## SOURCE DATA
◇ ◇ ◇ ◇ ◇

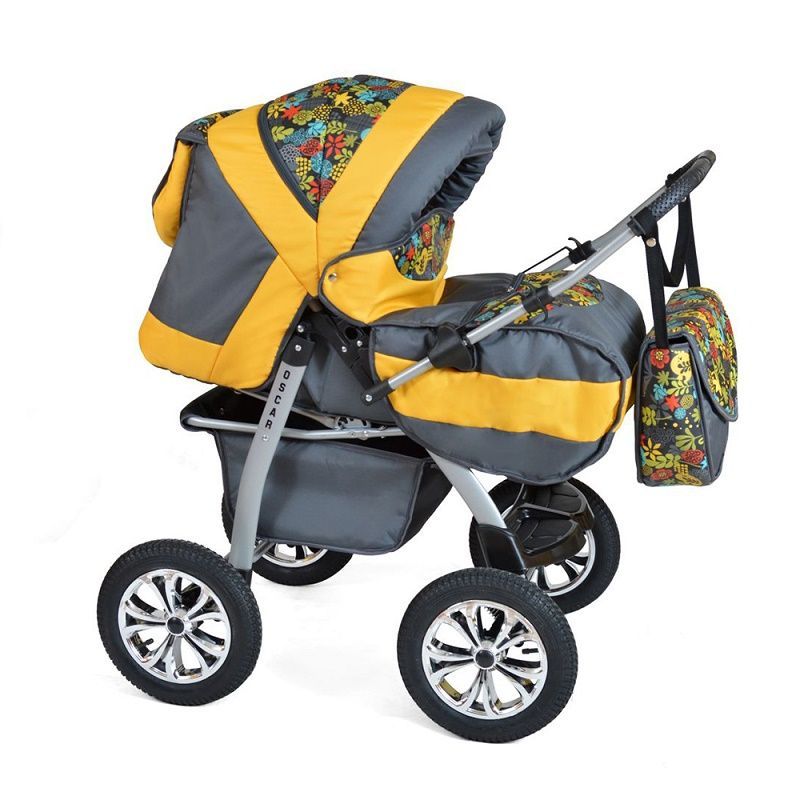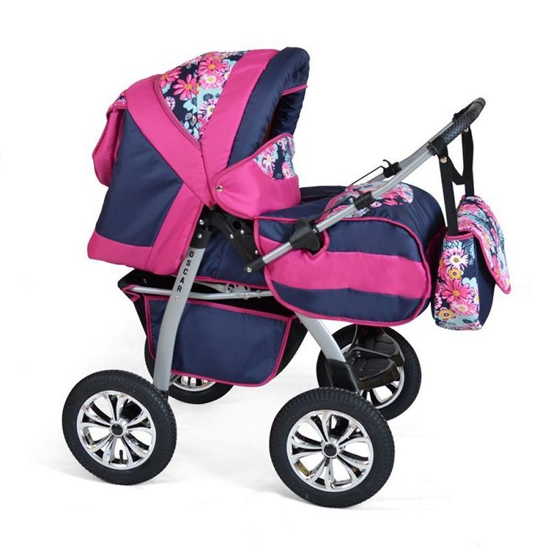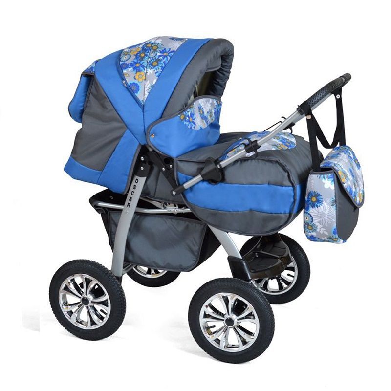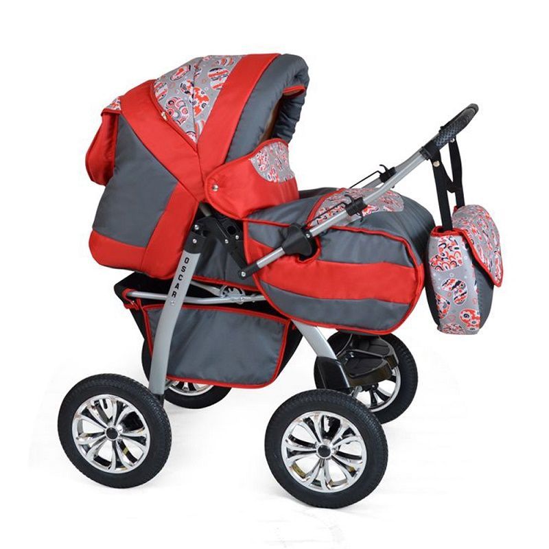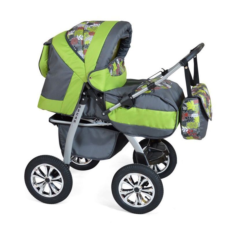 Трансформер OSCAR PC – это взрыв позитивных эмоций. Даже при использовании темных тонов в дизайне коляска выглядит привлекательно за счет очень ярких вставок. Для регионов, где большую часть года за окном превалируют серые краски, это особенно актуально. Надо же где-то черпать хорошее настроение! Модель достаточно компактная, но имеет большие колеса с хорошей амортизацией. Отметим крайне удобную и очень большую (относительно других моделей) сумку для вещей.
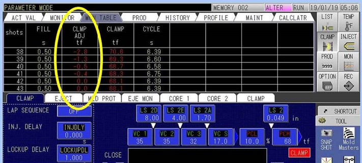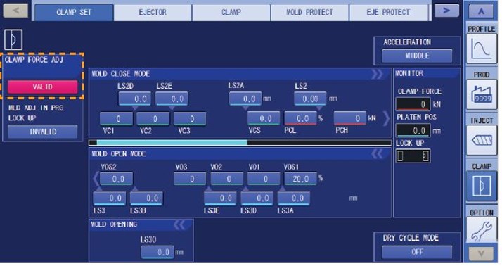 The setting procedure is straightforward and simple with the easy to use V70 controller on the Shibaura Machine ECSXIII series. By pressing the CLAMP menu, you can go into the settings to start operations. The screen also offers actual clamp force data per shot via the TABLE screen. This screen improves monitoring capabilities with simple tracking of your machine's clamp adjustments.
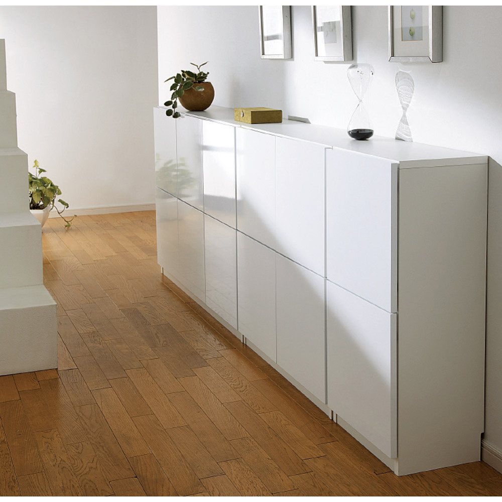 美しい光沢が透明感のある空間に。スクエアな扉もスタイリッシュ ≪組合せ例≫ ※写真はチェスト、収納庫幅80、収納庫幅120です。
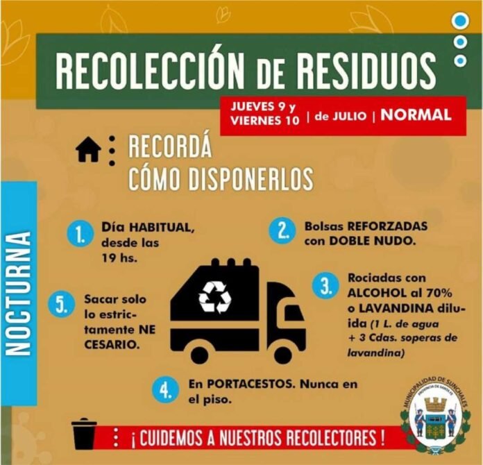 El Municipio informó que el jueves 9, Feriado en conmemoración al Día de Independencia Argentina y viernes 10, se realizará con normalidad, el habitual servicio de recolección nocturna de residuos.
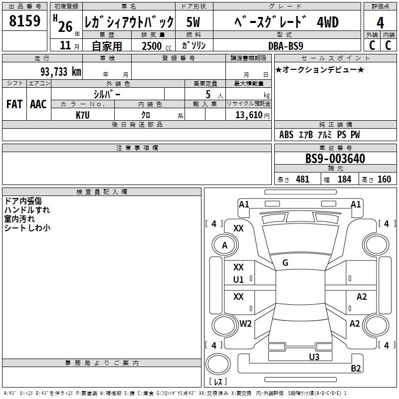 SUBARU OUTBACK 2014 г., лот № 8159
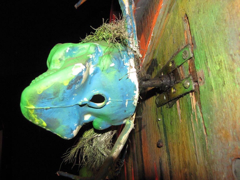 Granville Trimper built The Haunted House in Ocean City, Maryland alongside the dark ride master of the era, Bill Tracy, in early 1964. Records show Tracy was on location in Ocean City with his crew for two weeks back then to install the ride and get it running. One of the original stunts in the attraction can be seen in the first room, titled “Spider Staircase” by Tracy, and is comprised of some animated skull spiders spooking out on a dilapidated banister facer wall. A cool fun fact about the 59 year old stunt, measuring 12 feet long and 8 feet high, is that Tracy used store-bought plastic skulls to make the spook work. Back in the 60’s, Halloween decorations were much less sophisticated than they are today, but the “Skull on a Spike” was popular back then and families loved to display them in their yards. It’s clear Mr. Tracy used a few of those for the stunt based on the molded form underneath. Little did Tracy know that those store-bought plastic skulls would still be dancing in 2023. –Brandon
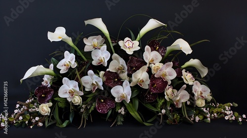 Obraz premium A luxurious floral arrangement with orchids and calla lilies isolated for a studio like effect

◇ ◇ ◇ ◇ ◇

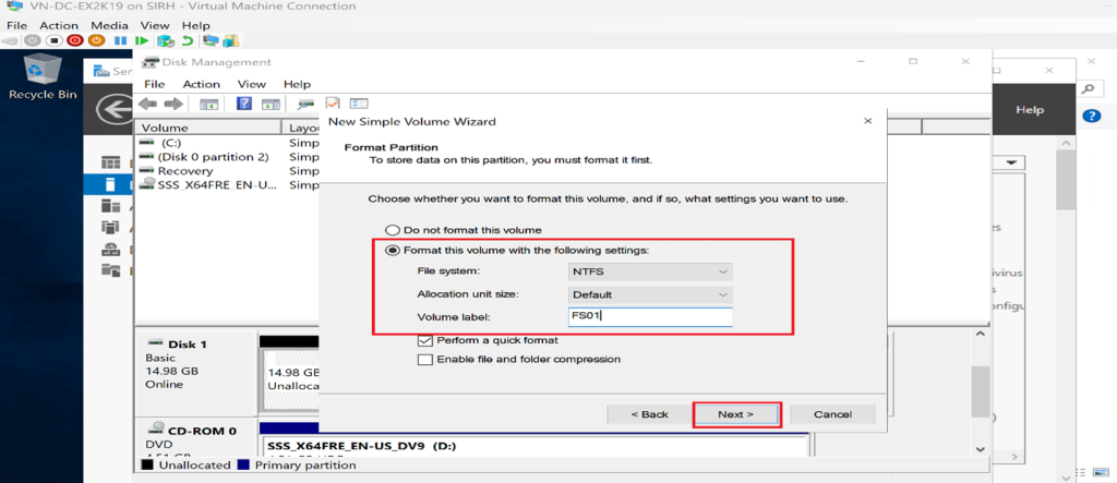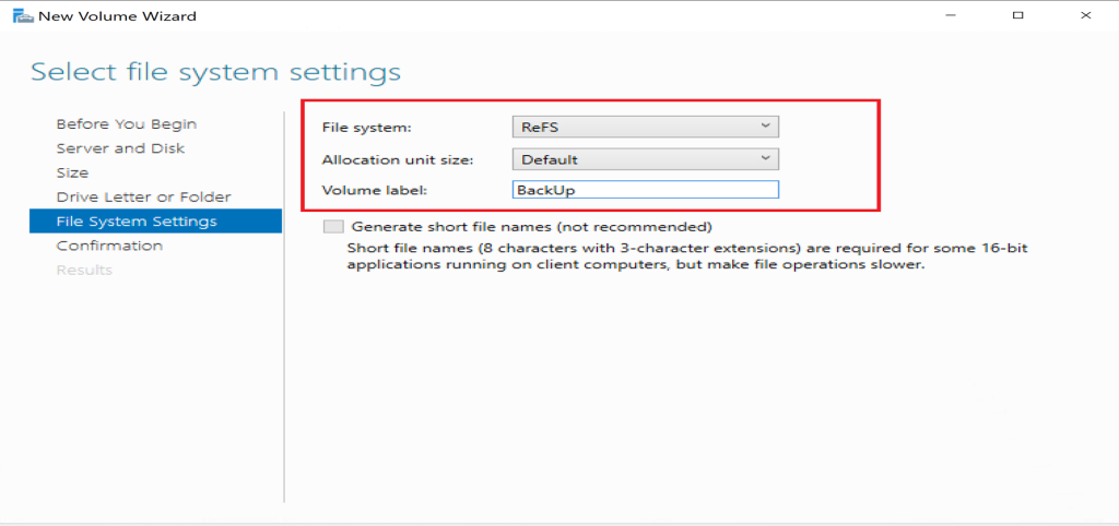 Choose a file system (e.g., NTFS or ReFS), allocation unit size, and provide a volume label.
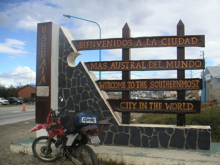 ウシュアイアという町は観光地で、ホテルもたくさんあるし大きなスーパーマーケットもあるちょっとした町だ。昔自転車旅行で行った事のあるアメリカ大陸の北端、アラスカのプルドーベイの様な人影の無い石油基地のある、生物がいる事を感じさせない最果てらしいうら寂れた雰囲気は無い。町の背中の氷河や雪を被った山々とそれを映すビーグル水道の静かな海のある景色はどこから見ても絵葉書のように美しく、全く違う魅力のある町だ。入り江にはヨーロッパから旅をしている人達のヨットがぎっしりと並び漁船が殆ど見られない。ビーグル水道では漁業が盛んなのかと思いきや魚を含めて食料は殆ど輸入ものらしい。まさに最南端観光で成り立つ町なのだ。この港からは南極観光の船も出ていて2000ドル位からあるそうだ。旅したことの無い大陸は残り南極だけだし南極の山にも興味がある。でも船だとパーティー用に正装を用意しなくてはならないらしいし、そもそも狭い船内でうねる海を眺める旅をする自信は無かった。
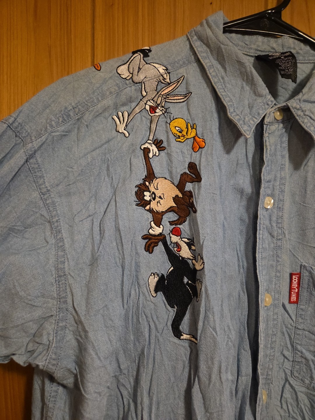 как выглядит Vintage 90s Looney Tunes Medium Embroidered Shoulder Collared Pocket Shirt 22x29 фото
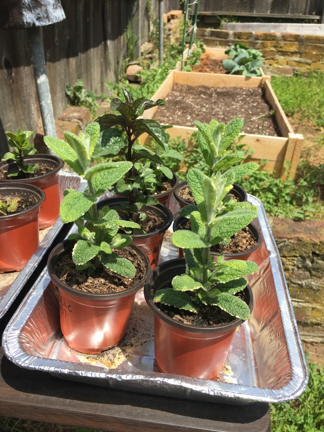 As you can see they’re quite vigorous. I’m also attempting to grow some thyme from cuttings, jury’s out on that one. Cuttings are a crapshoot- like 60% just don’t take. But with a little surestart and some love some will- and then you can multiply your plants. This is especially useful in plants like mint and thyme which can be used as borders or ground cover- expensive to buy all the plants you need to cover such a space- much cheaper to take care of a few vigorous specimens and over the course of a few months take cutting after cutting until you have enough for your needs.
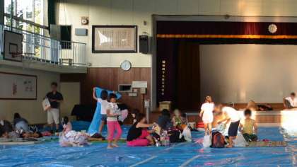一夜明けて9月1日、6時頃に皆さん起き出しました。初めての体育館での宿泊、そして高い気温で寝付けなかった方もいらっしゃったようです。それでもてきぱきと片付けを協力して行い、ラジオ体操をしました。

◇ ◇ ◇ ◇ ◇

## YOUR INSTRUCTIONS
In the listing above, find the line containing "как выглядит Vintage" and the line containing "一夜明けて9月1日、6時頃に", then write out both of them and every line between, exactly, with no pictures.

## TASK OUTPUT
 как выглядит Vintage 90s Looney Tunes Medium Embroidered Shoulder Collared Pocket Shirt 22x29 фото
 As you can see they’re quite vigorous. I’m also attempting to grow some thyme from cuttings, jury’s out on that one. Cuttings are a crapshoot- like 60% just don’t take. But with a little surestart and some love some will- and then you can multiply your plants. This is especially useful in plants like mint and thyme which can be used as borders or ground cover- expensive to buy all the plants you need to cover such a space- much cheaper to take care of a few vigorous specimens and over the course of a few months take cutting after cutting until you have enough for your needs.
一夜明けて9月1日、6時頃に皆さん起き出しました。初めての体育館での宿泊、そして高い気温で寝付けなかった方もいらっしゃったようです。それでもてきぱきと片付けを協力して行い、ラジオ体操をしました。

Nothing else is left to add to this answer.